# [ABOUT THIS TASK]
Beginning at the line containing "- 2 Lighting", repeat each line below exactly up to and including the line containing "研究结果表明,长江鱼类资源长". Do not repeat the pictures.

[Collection entries]
################
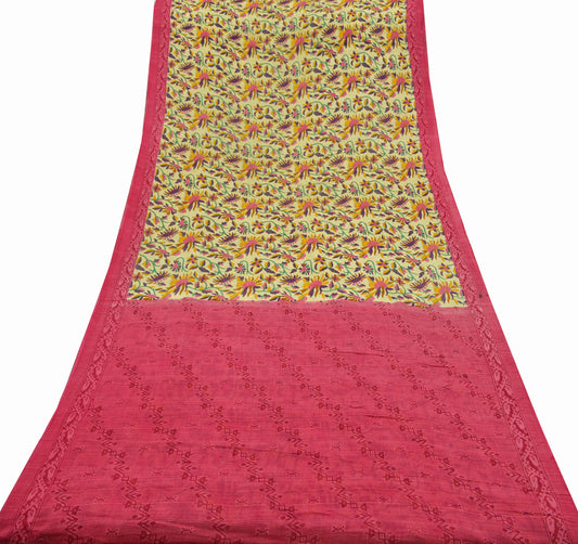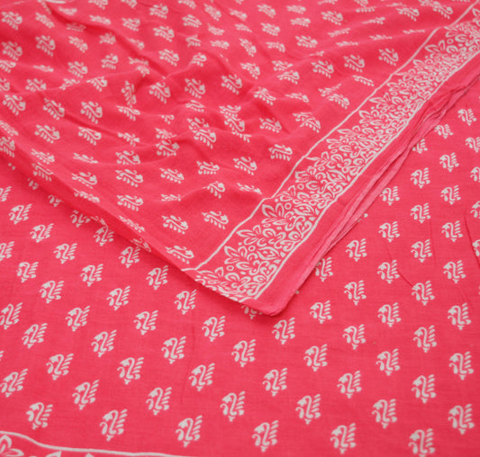 Indian Vintage Pink & Beige Saree Printed 100% Pure Cotton Sari Craft Fabric 5Yd Soft Sewing Sarong Wrap Floral Dress making Quilting
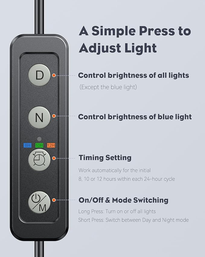 - 2 Lighting Modes: Short press the M button repeatedly on the LED aquarium light to switch between daytime and night modes. Hold the M button for 3 seconds to turn all lights off. Simulate natural sunrise and sunset to enliven fish and help them sleep wel
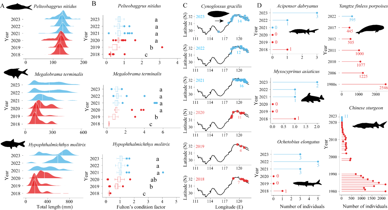 研究结果表明,长江鱼类资源长达七十年的持续衰退趋势在全面禁渔后得到有效遏制,并呈现初期恢复的势头。鱼类生物量、物种多样性、鱼类肥满度等核心指标显著改善(图1)。
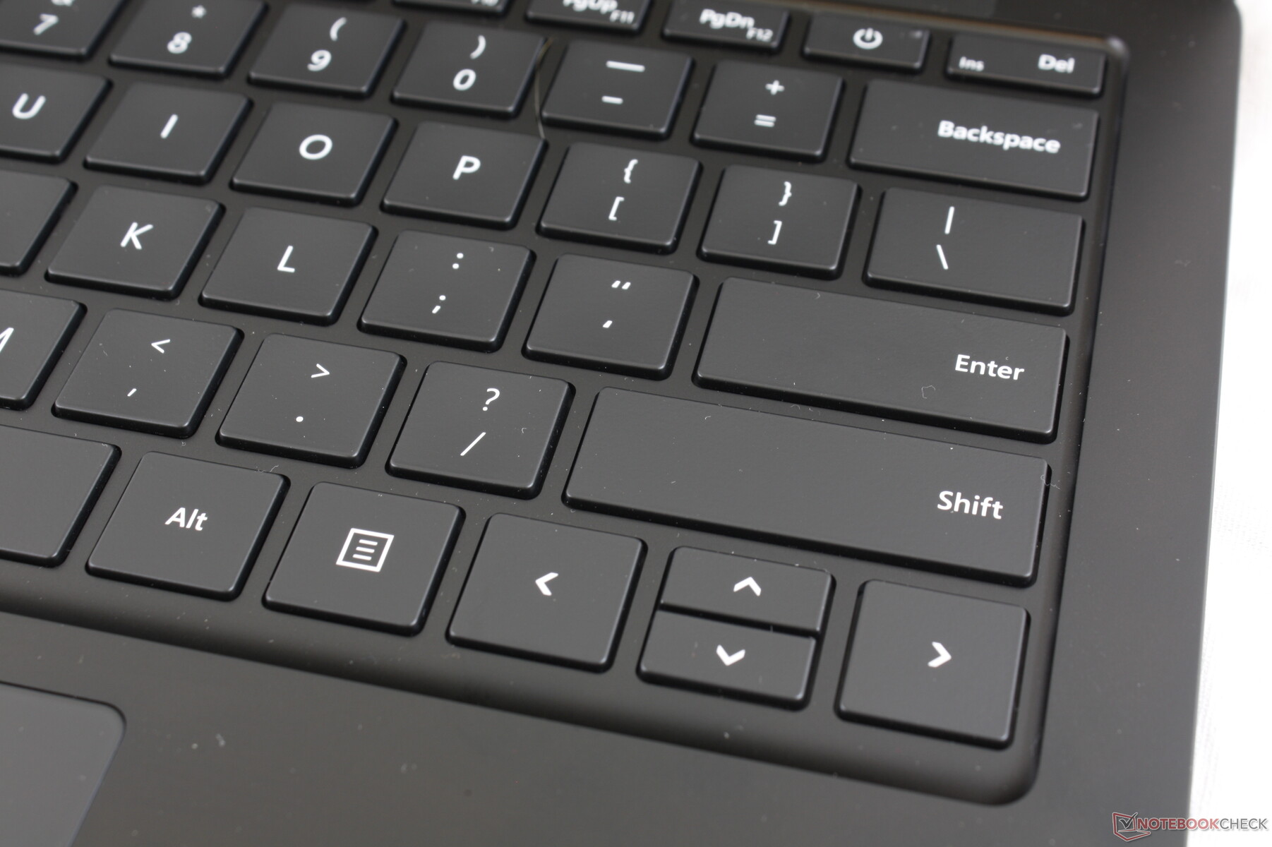 Die Tastatur und das Clickpad sind die gleichen wie die auf dem größeren 15-Zoll-Surface-Laptop-3. Selbst die Größe der Tasten und des Clickpads sind ident (11,5 x 7,6 cm). Daher gilt unsere Bewertung der Eingabegeräte auch hier: Zufriedenstellendes Feedback, moderates Tippgeräusch, enge Pfeiltasten. Das Tippgefühl auf dem HP Spectre oder der Lenovo-ThinkPad-T-Serie ist immer noch etwas fester und bietet mehr Feedback.
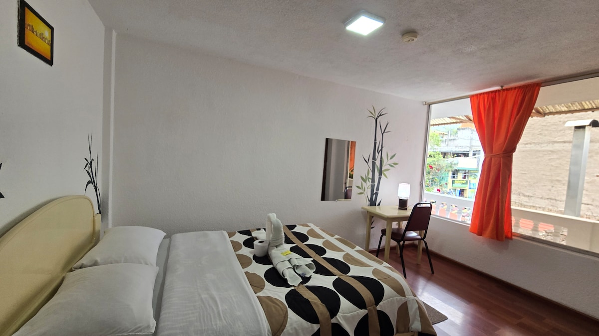 Inviting double room ideal for travelers who want comfort without overspending. Bathroom is shared and kept exceptionally clean. Guests enjoy access to wide-open grounds, rustic design, relaxing common spaces, and convenient parking. Close to Baños’ most popular destinations while offering a peaceful retreat surrounded by nature.
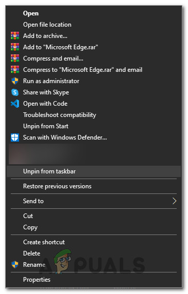 - Right-click on the “Microsoft Edge” option from the list and select the “Unpin from Taskbar” button.
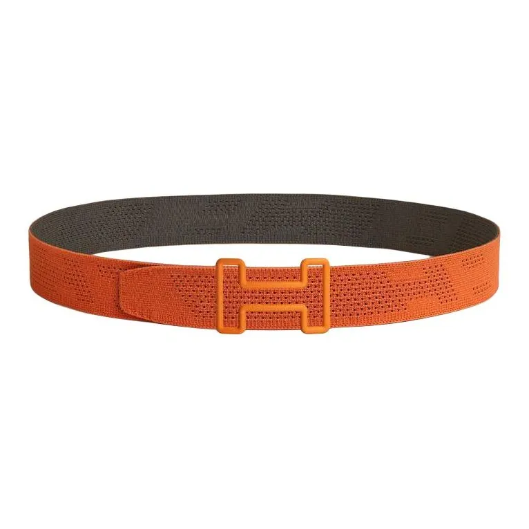 HERMES Двойной на обеих сторонах Tonight плавный замок ремень мужской оранжевый коричневый ширина 3,8 см
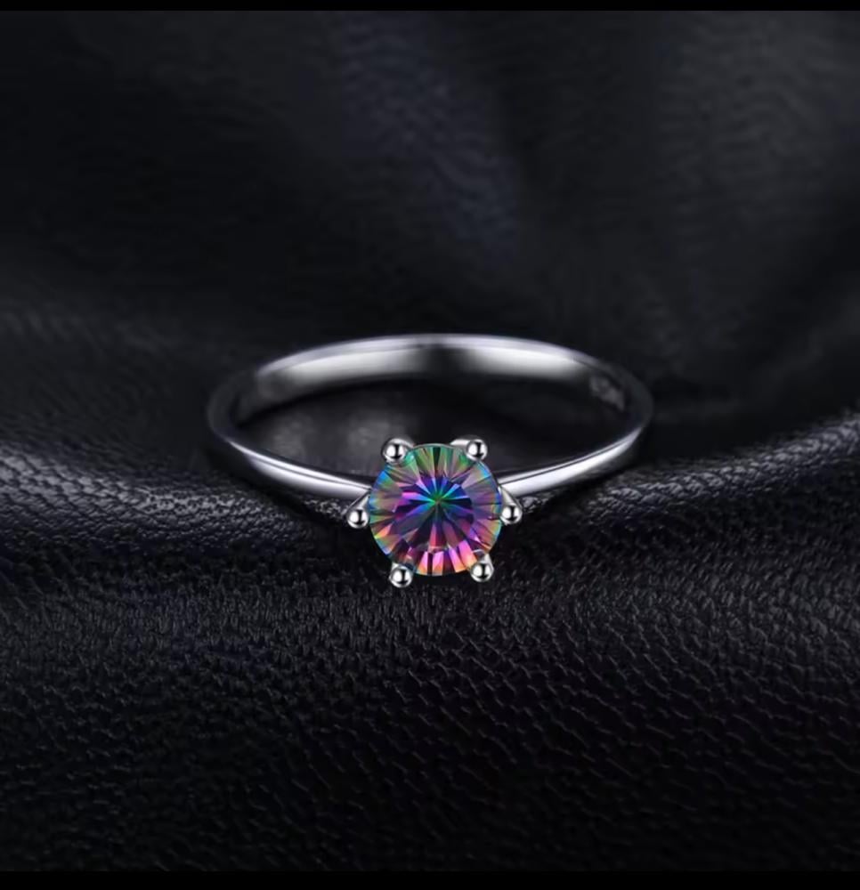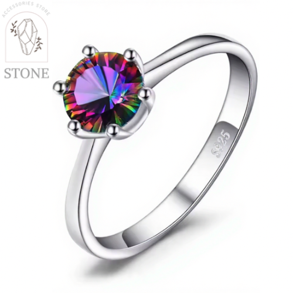 خاتم من الفضة مطعم بحجر ميستك كوارتز الطبيعي
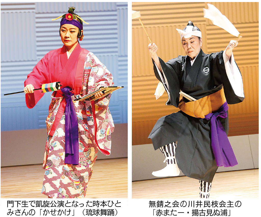 公演は3部構成。1部は勤王流舞踊の手として二十二の手形の説明から始まり、糸巻踊りの「かせかけ」(琉球舞踊)「かしかき」(八重山舞踊)の違い、同じ「鳩間節」でもしっとりとした正調とアップテンポの早弾きと、それぞれの魅力も届けられた。2部は南条かつみさんのショー、3部は仲宗根充さん(沖縄県指定無形文化財保持者)の民謡ライブなど盛りだくさんの公演となった。
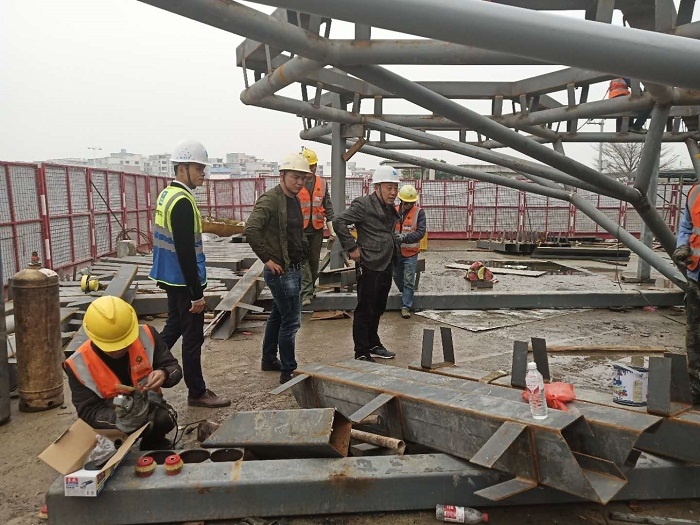 3月21日中建三局領(lǐng)導(dǎo)鄧總親臨現(xiàn)場指導(dǎo)吊裝工作。
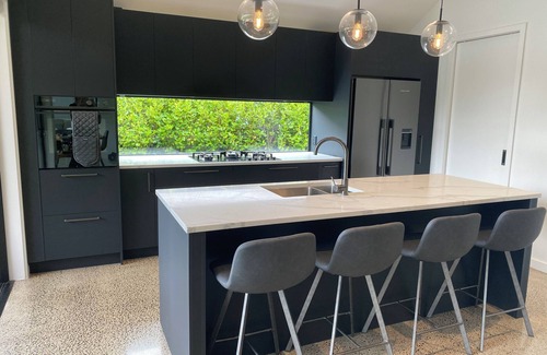 At the house, you’ll find everything you need to feel at home. The fully equipped kitchen is perfect for cooking up meals, while the polished concrete floors with underfloor heating provide a touch of luxury and warmth. The open living spaces lead to a stunning outdoor sunken lounge with a cosy fire, and a covered deck with outdoor seating and BBQ, making it easy to relax after a day of adventure.
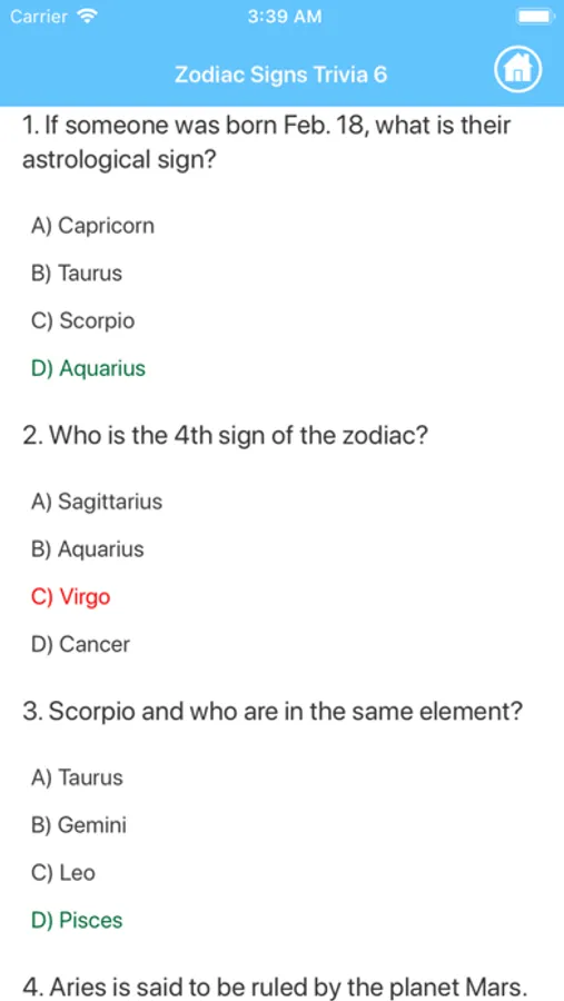 This app includes horoscopes for all zodiac signs:
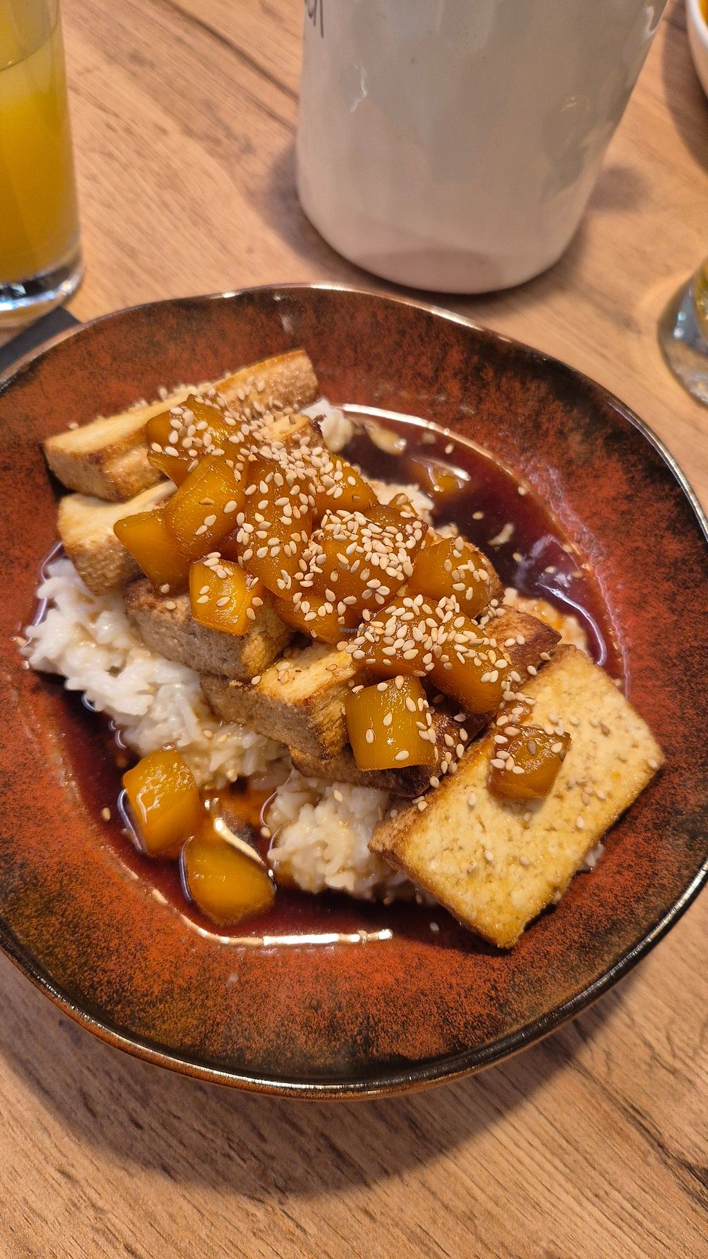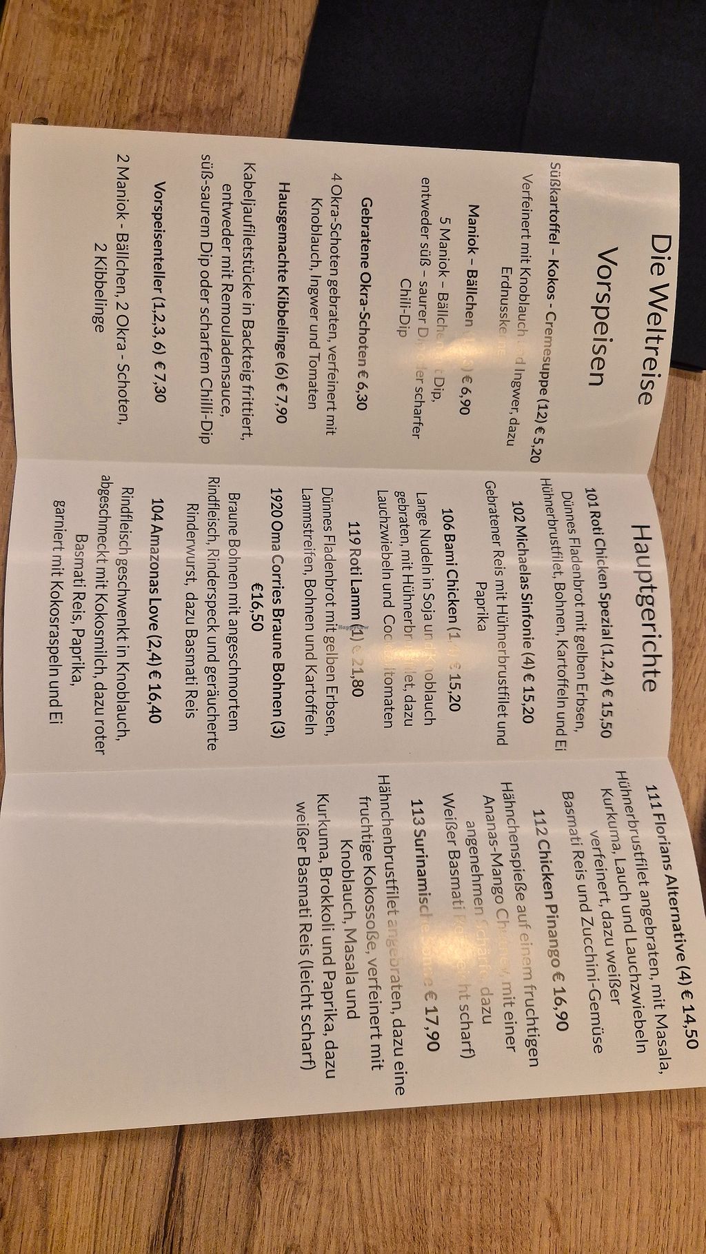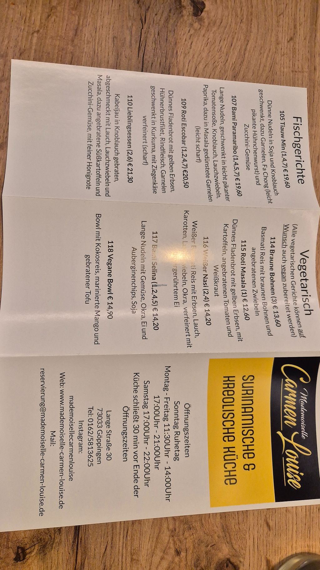 Gorgeous restaurant, very stylish interior, staff was super friendly and attentive even though the restaurant was packed (best reserve a table beforehand), all vegetarian dishes can be made vegan as well. My friend and I had the two rotis, both with a variety of veggies and beans in a fragrant and slightly spicy tomato sauce, and there was some sort of lentil or chickpea paste inside the roti which made it even more delicious. Can't wait to come back and try more Surinamese food here.
################
# [PROBLEM SOLUTION]
 - 2 Lighting Modes: Short press the M button repeatedly on the LED aquarium light to switch between daytime and night modes. Hold the M button for 3 seconds to turn all lights off. Simulate natural sunrise and sunset to enliven fish and help them sleep wel
 研究结果表明,长江鱼类资源长达七十年的持续衰退趋势在全面禁渔后得到有效遏制,并呈现初期恢复的势头。鱼类生物量、物种多样性、鱼类肥满度等核心指标显著改善(图1)。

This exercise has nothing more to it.